>>> to add remove nodes (now done in ~mcfarm/bin/add_node.py):

No need to stop/restart mcfarm - just alter the distribute.conf after you
know you can do the ssh stuff and see it thru NFS, and it can see 000 through 
nfs (and same for it: ssh to 000 and see 000's dir thru nfs).  Then do
start_execute 2 3 etc.

Comment-out of distribute.conf to take a node out of the farm 
(but be sure no gathering is going on at the moment).

>>> to launch jobs:

cd $FARM_JOB_SUBMIT
get_request requestID  # [--ignore_status]  if owned by another farm 

launch_request requestID target_farm #events jobtype --priority=0 

e.g. launch_request 6969 $FARM_BASE 100000 PDSRT --priority=3

The launch-request command now allows

--priority=N

as the last argument (unless there's an input filename, which is still the
last arg).  Use -p=0 to keep mcfarm from doing any nice-leveling of its own.
You will want to do this for all your jobs on that farm, and you won't be
able to put anything higher than 0 in McFarm's distribution order 
(but you can always re-arrange jobs in the gather.conf file yourself).

>>> to kill jobs:

The recommended way is to    check_job -k jobname   I usually do mass kills
using some filtered command like

check_job -k dist_queue/OU*   dist_queue/0*/OU*

which will kill everything in the farm, undistributed and distributed, 
and will remove from the condor queue anything that's in-process.  
More restrictive filtering of course in future cases.

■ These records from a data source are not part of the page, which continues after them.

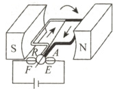 3. 如图是直流电动机的工作原理,下列相关的分析正确的是 ( )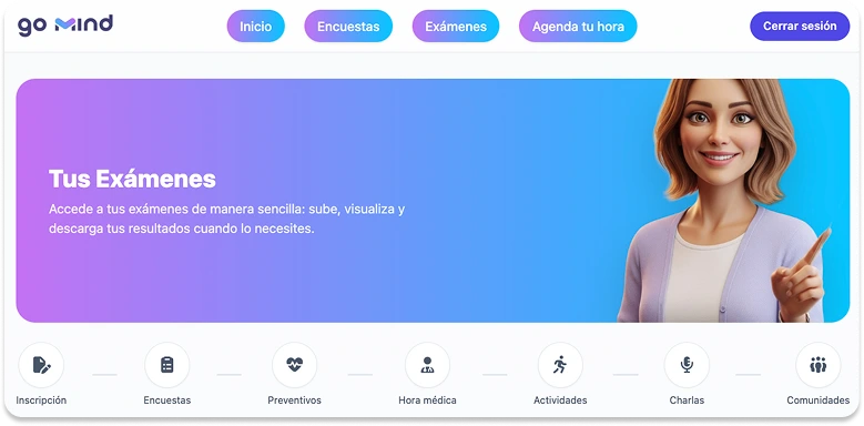Acompañar a los colaboradores en el cuidado de su salud física y emocional mejora su experiencia laboral. En GoMind integramos soluciones de salud preventiva para ofrecer un cuidado continuo, cercano y personalizado para cada persona.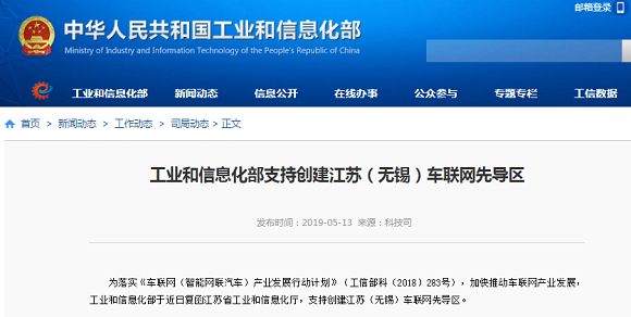 为落实《车联网(智能网联汽车)产业发展行动计划》(工信部科〔2018〕283号),加快推动车联网产业发展,工业和信息化部于近日复函江苏省工业和信息化厅,支持创建江苏(无锡)车联网先导区。工信部要求,江苏省工信厅应按照《车联网(智能网联汽车)产业发展行动计划》要求,围绕车 [详细]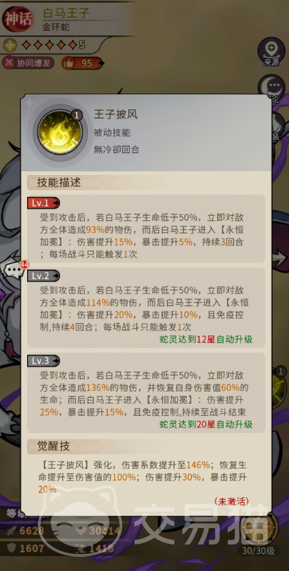 综合来看,白马王子属于典型的高策略性培养对象。其多层级技能演化路径、站位敏感型伤害机制、以及【战意】—剑阵—驱散的闭环联动设计,使其在中后期阵容构建中具备不可替代的战术定位。尽管各星级阶段的操作门槛存在差异,但只要准确把握其“同列响应”“层数转化”“濒危爆发”三大核心机制,即可稳定发挥其作为主力蛇灵的完整潜力。
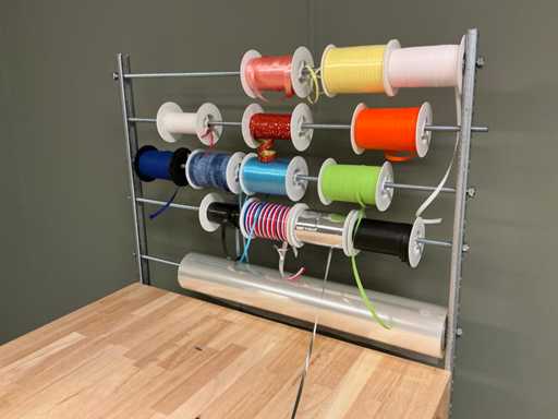 Zawiera uchwyty na rolki Legro, 1 stojak montowany powierzchniowo z różnymi szpulami wstęgowymi. Włącznie z rzeczami przy ścianie, rolkami itd.
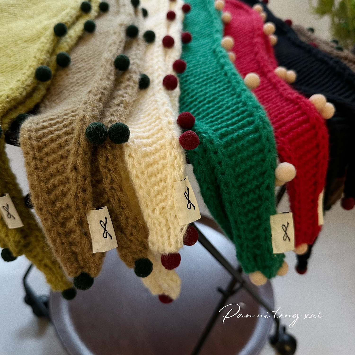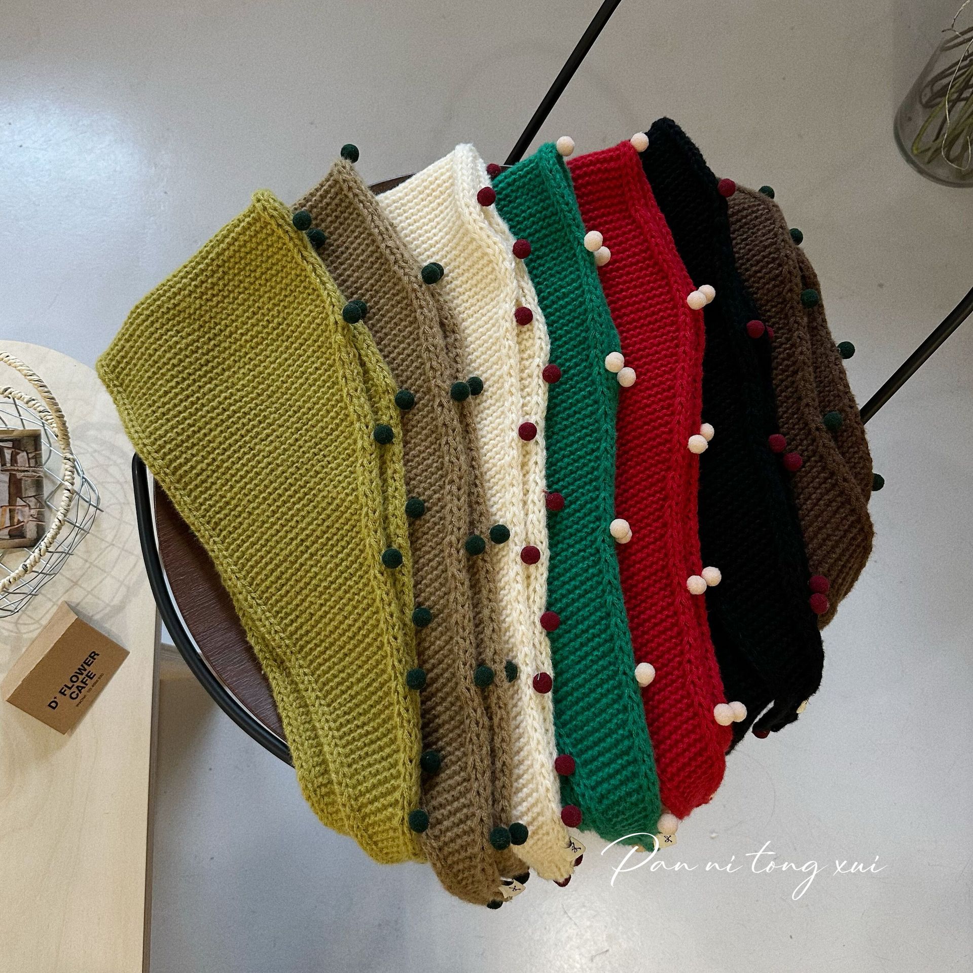 원래 컬러 볼 니트 삼각형 어린이 스카프 가을과 겨울 소녀 단색 스카프 아기 두꺼운 따뜻한 학생 스카프스토어 가기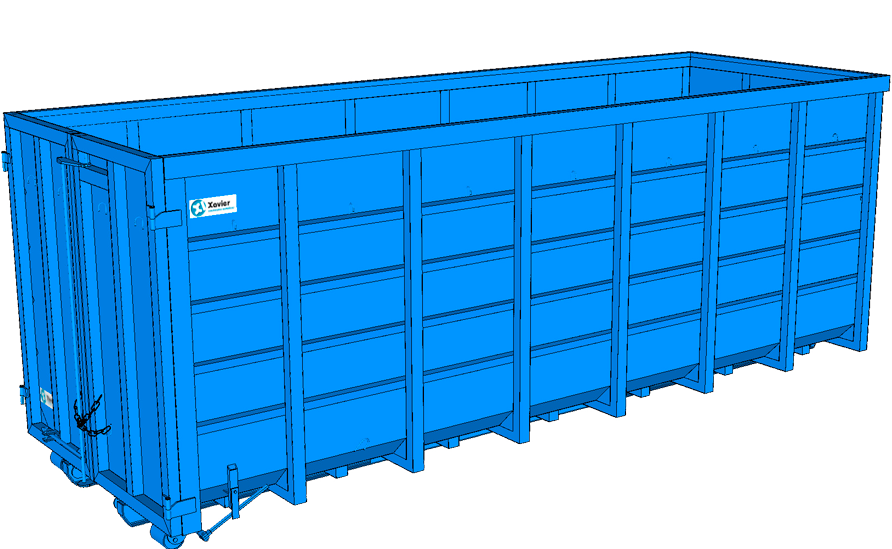 O Chassi do contentor é construído em perfil IPE 180 (S 275 JR) levando reforços laterais exteriores em chapa aço (S 235) em 5mm com um comprimento de 2.5mts. A estrutura de suporte do sistema POLIBENNE é em UPN 180 (S 275 JR) reforçada com chapa aço (S 235) 10mm. O gancho onde trabalha o sistema é construído em Varão redondo Fe400 de 50mm.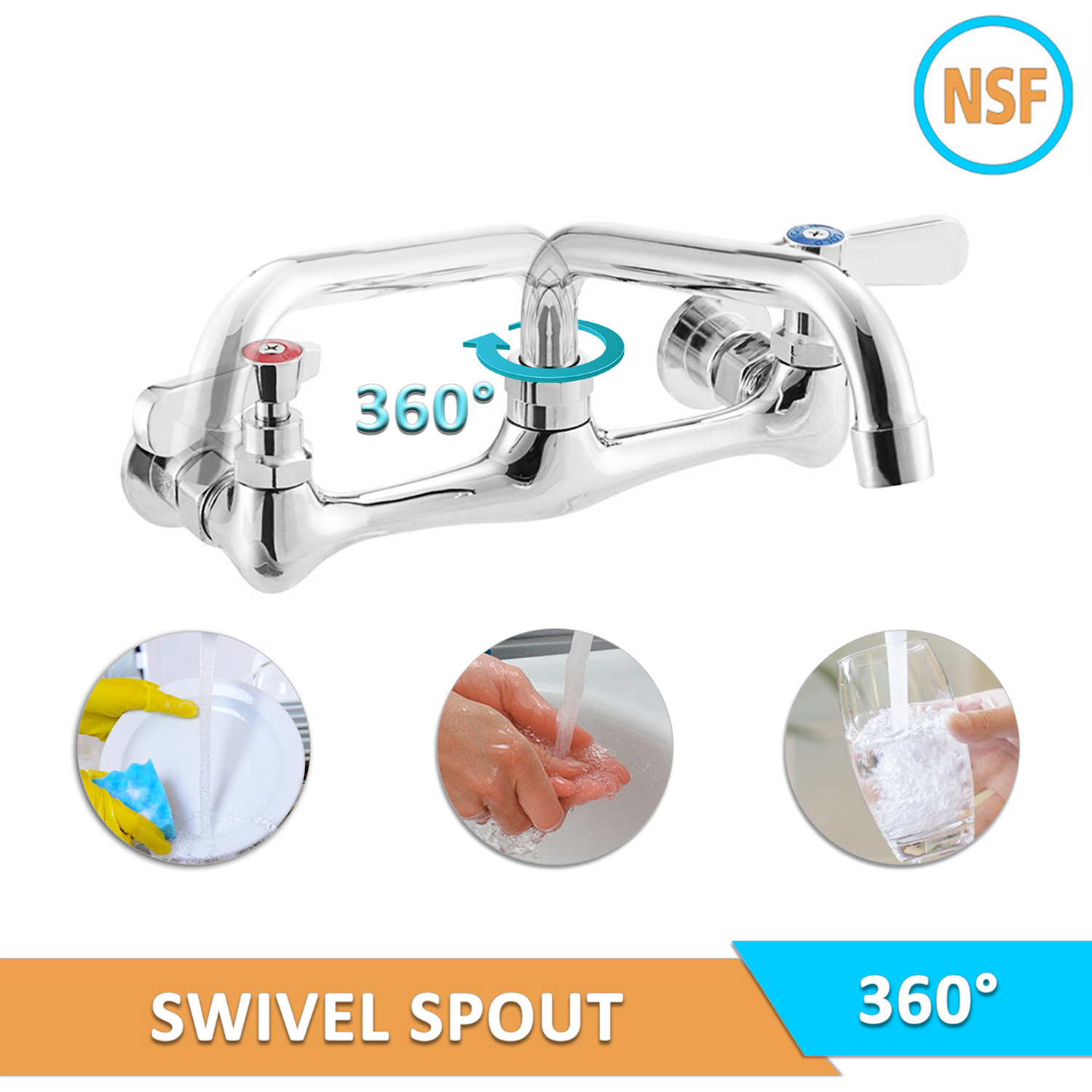 Introducing the Wall Mount Faucet with a 6″ Swing Spout, 8″ Centers, and Lever Handles, a premium solution designed to elevate the efficiency and functionality of any commercial kitchen, laboratory, or workspace. This faucet is expertly crafted to deliver exceptional performance, combining durability, flexibility, and user-friendly design.

>>> to launch replacement jobs  (now, run ~mcfarm/bin/replace_job NNNNN):

Assuming each request is done originally like

launch_request NNNNN /home/mcfarm/mcfarm 10000 PDSRT --priority=3

and your have 250 as the parallel-segment-size in request.conf.  
So any PDSRT jobs that has to be killed, replace with

launch_request NNNNN /home/mcfarm/mcfarm 250 PDSRT --priority=3

To replace a specific DSRT job: skip SSS events, then launch NNN events:

launch_request NNNNN $FARM_BASE SSS:NNN DSRT

i.e., to replace the third job of a request:

launch_request 13072 $FARM_BASE 500:250 DSRT

Just launch replacement within 2 days of killing the old job.

By the way, to avoid the 2-day wait period after the last PDSRT job is done
and gathered, and the final tmb merge is performed, just go ahead and move
the req_NNNNN subdir from ~/job_submit to ~/job_submit/done.  The merge
daemon will find the subdir in the done section, and proceed immediately
with the final tmb merge and store.  Now you just have to remember to
close_request after the files disappear from the stage dir.

>>> to launch minibias job:

Use get and launch_request on 5257, which is the magic number for the minbi
request in the current epoch of d0 processing, and use job types PD which
should declare and cache the d0g files.

e.g. launch_request 5257 $FARM_BASE 100000 PD --priority=0

>>> to check if request is done (now, run ~mcfarm/bin/nreqjobs NNNNN):

grep ReqNNNNN gather.conf
ls $FARM_MERGE_STAGE_DIR | grep ReqNNNNN
# If both commands give no output, then the request is done.
# Then close with:
cd $FARM_JOB_SUBMIT
close_request NNNNN

>>> to get new version of cardfiles not available via upd 
    (now in ~products/bin/add_cardfile.sh)

# as d0sshcvs enabled user do:
cd /tmp
cvs co -r  v00-04-43 cardfiles
# as products do:
cd /d0dist/dist/packages/cardfiles
cp -r /tmp/cardfiles v00-04-43
# then launch jobs as usual

>>> to modify request status in sam:

sam modify request --request-id=12380 --status=running  # (approved) (finished) (terminated)

>>> to check on the status of a request in sam:

sam get request info --requestId=13433 --format=dict
sam get request details --requestid=13433  # [--dictfmt]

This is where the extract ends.